Historical population
| Census | Pop. | Note | %± |
| 1920 | 555 |  | — |
| 1930 | 678 |  | 22.2% |
| 1940 | 660 |  | −2.7% |
| 1950 | 713 |  | 8.0% |
| 1960 | 983 |  | 37.9% |
| 1970 | 863 |  | −12.2% |
| 1980 | 754 |  | −12.6% |
| 1990 | 780 |  | 3.4% |
| 2000 | 775 |  | −0.6% |
| 2010 | 663 |  | −14.5% |
| 2020 | 569 |  | −14.2% |
U.S. Decennial Census

===2020 census===

As of the 2020 census, McLaughlin had a population of 569. The median age was 34.1 years. 27.9% of residents were under the age of 18 and 14.8% of residents were 65 years of age or older. For every 100 females there were 92.9 males, and for every 100 females age 18 and over there were 104.0 males age 18 and over.

0.0% of residents lived in urban areas, while 100.0% lived in rural areas.

There were 196 households in McLaughlin, of which 35.2% had children under the age of 18 living in them. Of all households, 32.7% were married-couple households, 29.6% were households with a male householder and no spouse or partner present, and 28.1% were households with a female householder and no spouse or partner present. About 34.7% of all households were made up of individuals and 11.8% had someone living alone who was 65 years of age or older.

There were 226 housing units, of which 13.3% were vacant. The homeowner vacancy rate was 0.0% and the rental vacancy rate was 6.8%.

Racial composition as of the 2020 census
| Race | Number | Percent |
|---|---|---|
| White | 127 | 22.3% |
| Black or African American | 2 | 0.4% |
| American Indian and Alaska Native | 401 | 70.5% |
| Asian | 8 | 1.4% |
| Native Hawaiian and Other Pacific Islander | 0 | 0.0% |
| Some other race | 0 | 0.0% |
| Two or more races | 31 | 5.4% |
| Hispanic or Latino (of any race) | 7 | 1.2% |

===2010 census===
At the 2010 census, there were 663 people, 233 households and 154 families residing in the city. The population density was 1657.5 /sqmi. There were 270 housing units at an average density of 675.0 /sqmi. The racial makeup of the city was 28.1% White, 65.3% Native American, 0.9% Asian, 0.2% Pacific Islander, 1.1% from other races, and 4.5% from two or more races. Hispanic or Latino of any race were 3.8% of the population.

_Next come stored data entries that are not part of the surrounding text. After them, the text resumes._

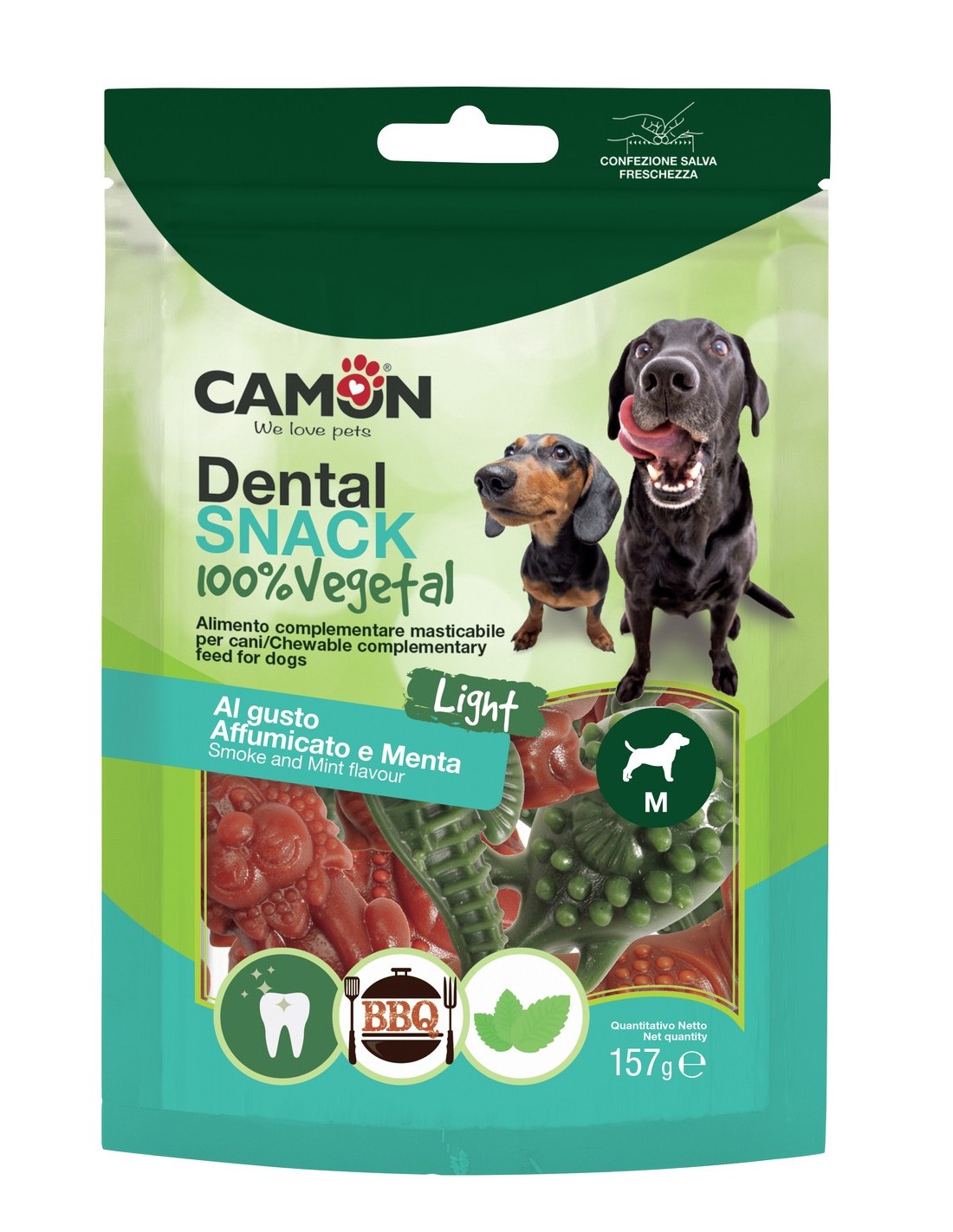 Sfiziosi snack 100% vegetali, un alimento complementare masticabile per cani, molto utili anche per la pulizia dentale.Composizione a base di farine di patata dolce, piselli e avena.Al gusto affumicato e menta.Quantità: 157 gDimensione: 6,5 ÷ 10 cm
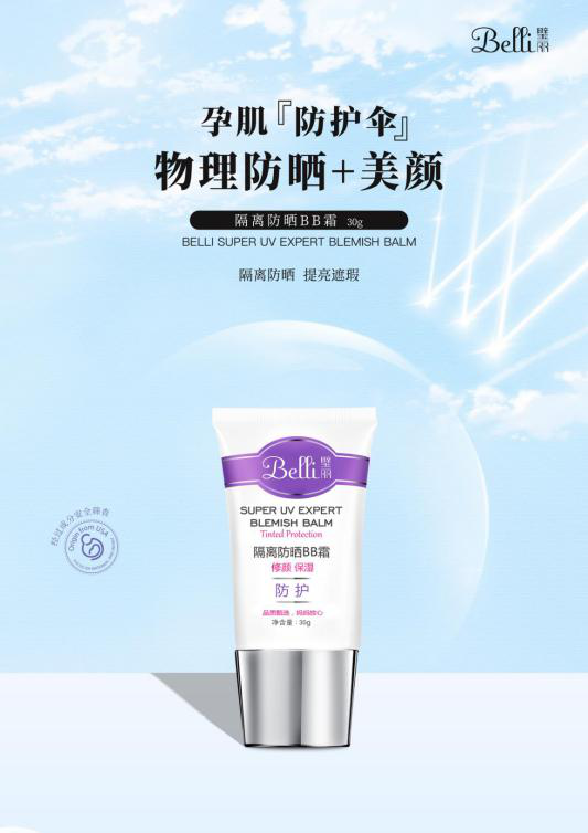 Belli作為專業(yè)孕期護(hù)膚品牌,研制Belli隔離防曬bb霜初衷,就是為了解決孕期女性懷孕后肌膚干燥黯啞,孕期斑等問題。Belli隔離防曬bb霜采用氧化鋅和二氧化鈦配方,使肌膚呈現(xiàn)勻凈透亮的裸妝肌。
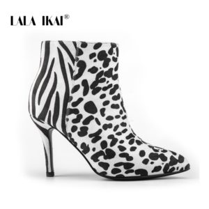 LALA IKAI Leopard Ankle Boots Women Flock Zebra Thin High Heels Short Boots Pointed Toe Party Office Shoes Woman XWC5409-4
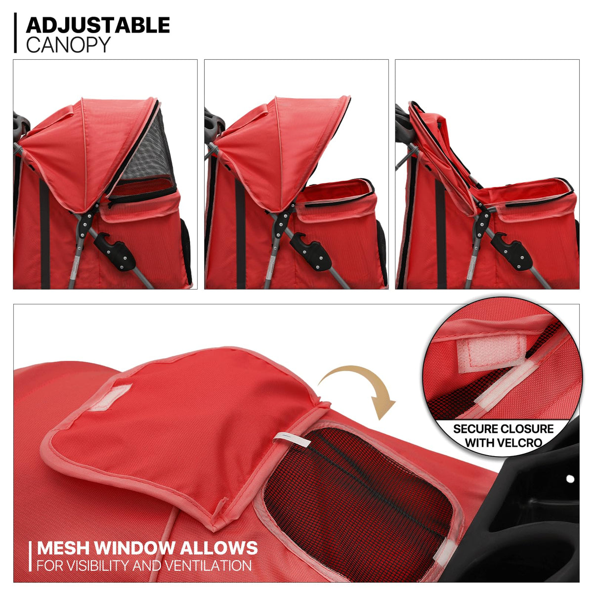 Conveniently Collapsible Design - This dog stroller is the perfect solution for smaller or older pets who can't handle long walks. The collapsible design makes it ideal for travel and camping, and the lightweight yet sturdy support means you won't have to worry about anything. | Sturdy and Safe - Our pet stroller is equipped with breathable mesh windows that allow your furry friend to see and breathe easily. The Oxford cloth material is water-resistant and durable, ensuring your pet's safety and comfort. | Humanized Design - With convenient features like swivel front wheels, cup holders, and a hooded peak-top window, this pet stroller makes taking your pet out for exercise and fresh air an easy and enjoyable experience. The roomy design and undercarriage storage basket give you plenty of space to carry your essentials, too. | Advanced Braking System - The two rear wheels of our pet stroller are equipped with brake protection devices, so you can park your stroller safely and securely even on inclined surfaces. | Durable and Comfortable - Made of tough Oxford cloth and able to hold up to 33 lbs, our dog stroller is not only water-resistant but also provides added comfort with a padded foam bottom that your furry friend is sure to appreciate. | Flexible Wheels - Finally, the 360° swiveling front wheel with a shock absorber ensures that your pet has a smooth ride even on the roughest terrain. The rear two wheels also feature brakes, making this stroller a perfect fit for injured or senior dogs or puppies that need a little extra TLC.
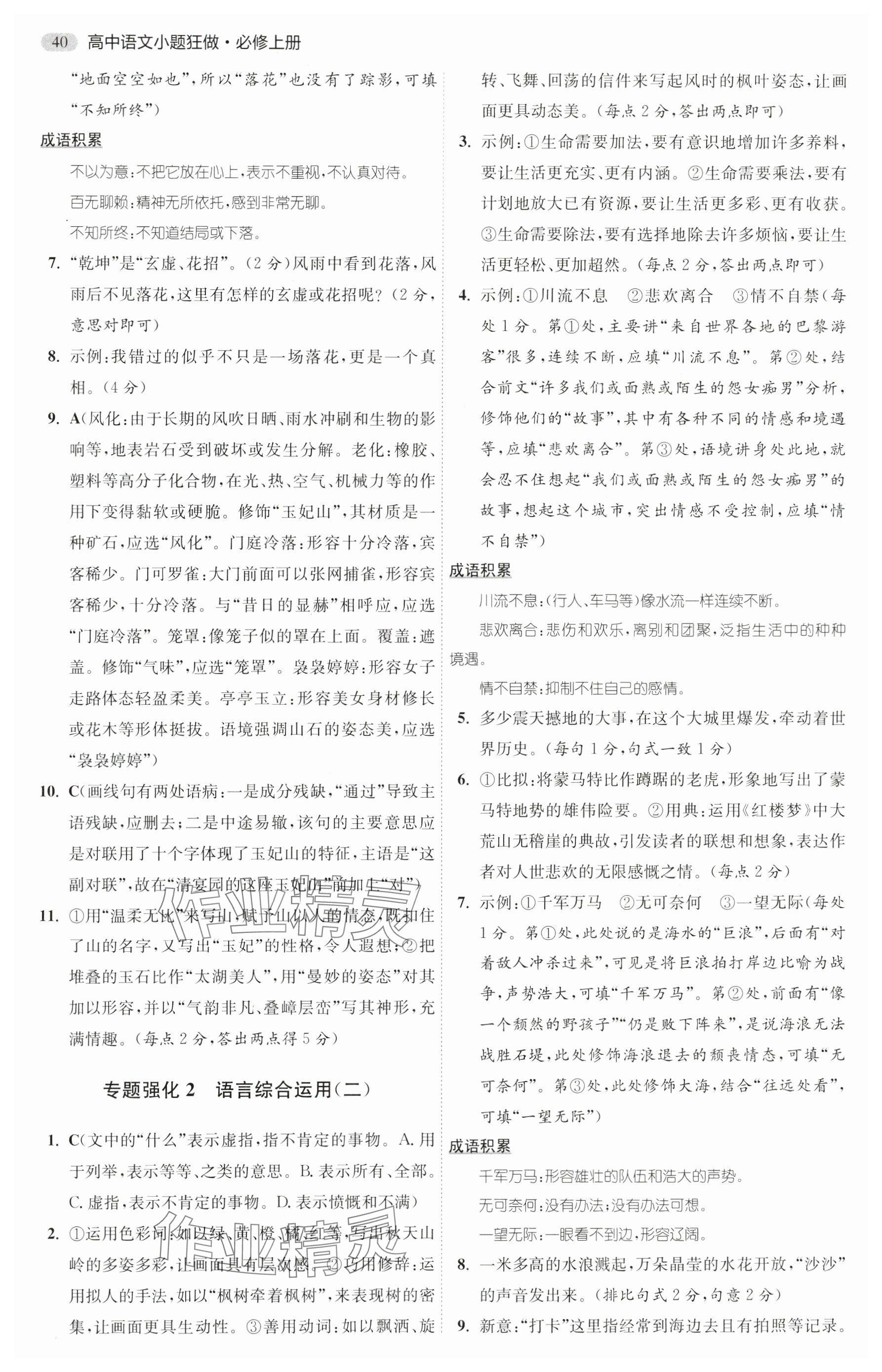 注:目前有些书本章节名称可能整理的还不是很完善,但都是按照顺序排列的,请同学们按照顺序仔细查找。练习册 2025年高中语文小题狂做必修上册人教版 答案主要是用来给同学们做完题方便对答案用的,请勿直接抄袭。
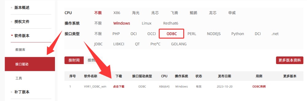 前往人大金仓官网驱动下载页,找到ODBC下载。
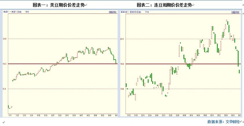 5、豆粕現貨與期貨價差縮小到145元/噸
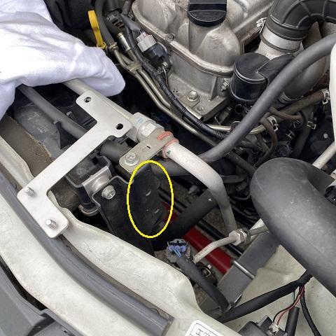 場所はフロントのラジエターが固定されているステーに穴があるのでそれを流用。
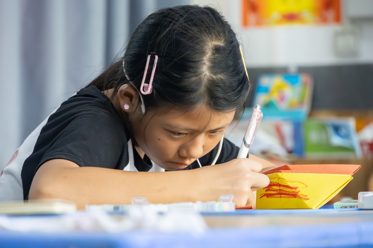 手工课上,彩纸和粘土,画纸与彩笔都成了孩子们的“魔法道具”。折纸时,有的孩子把船帆折得特别大,说“要载着知识漂到山外面”;捏粘土时,有人用棕褐色捏出鼓楼的尖顶,再粘上亮晶晶的碎片当银饰,“这是我们村的鼓楼,AI画过,我也能捏出来”;有人在彩纸上画下和实践团成员一起敲键盘的场景,小人儿们的头顶都冒着代表开心的小圆圈……
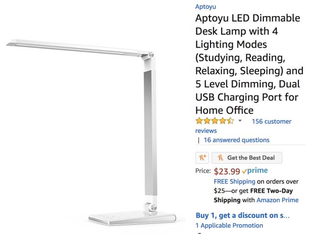 Aptoyu 多功能LED 护眼 USB 充电端口台灯,使用优惠码JNKTFRAB $15.99, 立省$34。
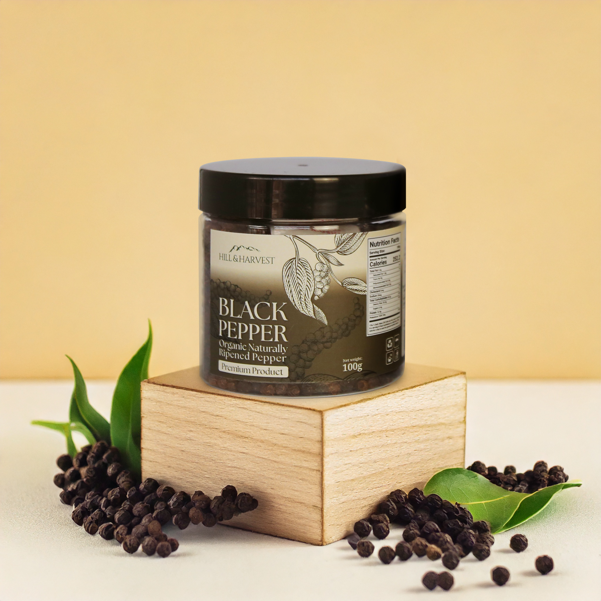 From the lush, sun-drenched farms of Vietnam to your kitchen, Hill & Harvest Organic Black Pepper is a testament to nature’s perfection. Each peppercorn is left to ripen naturally on the vine, absorbing the warmth of the sun and the richness of the earth, before being carefully harvested at peak maturity. The result? A bold, aromatic spice that awakens the senses and elevates every dish it touches.
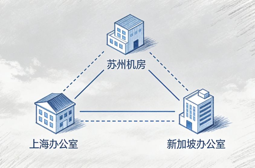 聊到跨地域办公网络连接,很多企业都会碰到头疼的问题。今天有个客户过来咨询组网,具体情况是国内办公地点在上海、机房在苏州,海外办公在新加坡,这样三个不同地区想要实现互联。今天我们就从多个角度来聊聊,如何设计和搭建一套靠谱的三地互联方案,避免踩...
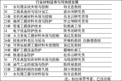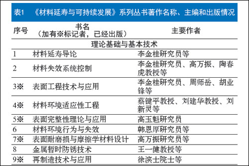 整套丛书由三部分组成:一是“材料延寿的理论基础与基本技术”部分,包括材料延寿导论、材料失效的基本理论、材料防护的基本技术等,目前包括9 个分册;二是“材料的合理选用” 部分,包括主要的金属材料、无机非金属材料、高分子材料和复合材料在工程设计中的合理选用,目前包括9 个分册;三是“行业材料延寿与可持续发展”部分,介绍包括机械、电力、油气管网、建筑、矿山、交通等材料应用的主要行业和领域中,材料失效的形式、特点、预防与控制;目前包括15 个分册。总供完成了19 册专著的出版(参见表1)。在编写出版过程中,由于各种原因, 有六册没有进入丛书系列。由出版社另外安排出版(参见表2)。
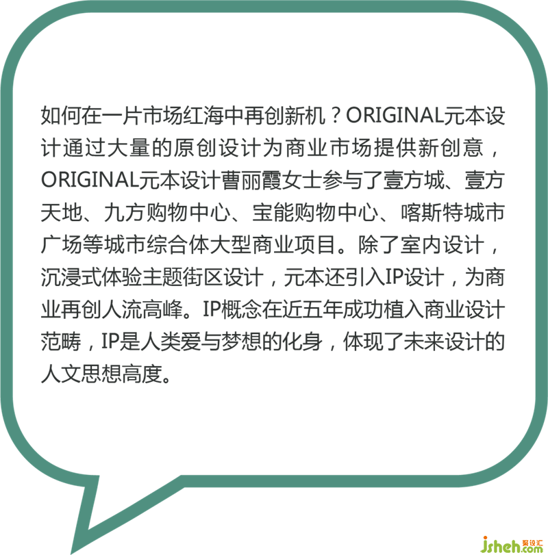 如何在一片市場紅海中再創(chuàng)新機?ORIGINAL元本設(shè)計通過大量的原創(chuàng)設(shè)計為商業(yè)市場提供新創(chuàng)意,ORIGINAL元本設(shè)計曹麗霞女士參與了壹方城、壹方天地、九方購物中心、寶能購物中心、喀斯特城市廣場等城市綜合體大型商業(yè)項目。除了室內(nèi)設(shè)計,沉浸式體驗主題街區(qū)設(shè)計,元本還引入IP設(shè)計,為商業(yè)再創(chuàng)人流高峰。IP概念在近五年成功植入商業(yè)設(shè)計范疇,IP是人類愛與夢想的化身,體現(xiàn)了未來設(shè)計的人文思想高度。
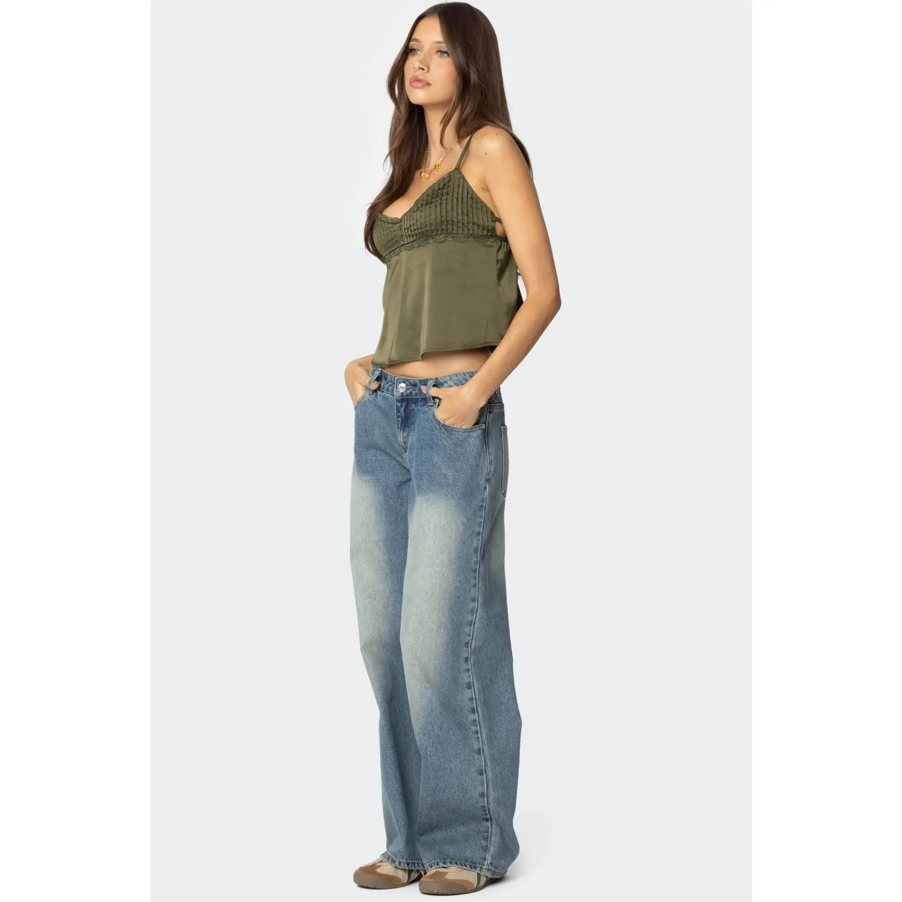 5. Blanca Satin Effect Lace Trim Tank Top

There were 233 households, of which 43.8% had children under the age of 18 living with them, 33.9% were married couples living together, 21.9% had a female householder with no husband present, 10.3% had a male householder with no wife present, and 33.9% were non-families. 29.2% of all households were made up of individuals, and 9% had someone living alone who was 65 years of age or older. The average household size was 2.84 and the average family size was 3.54.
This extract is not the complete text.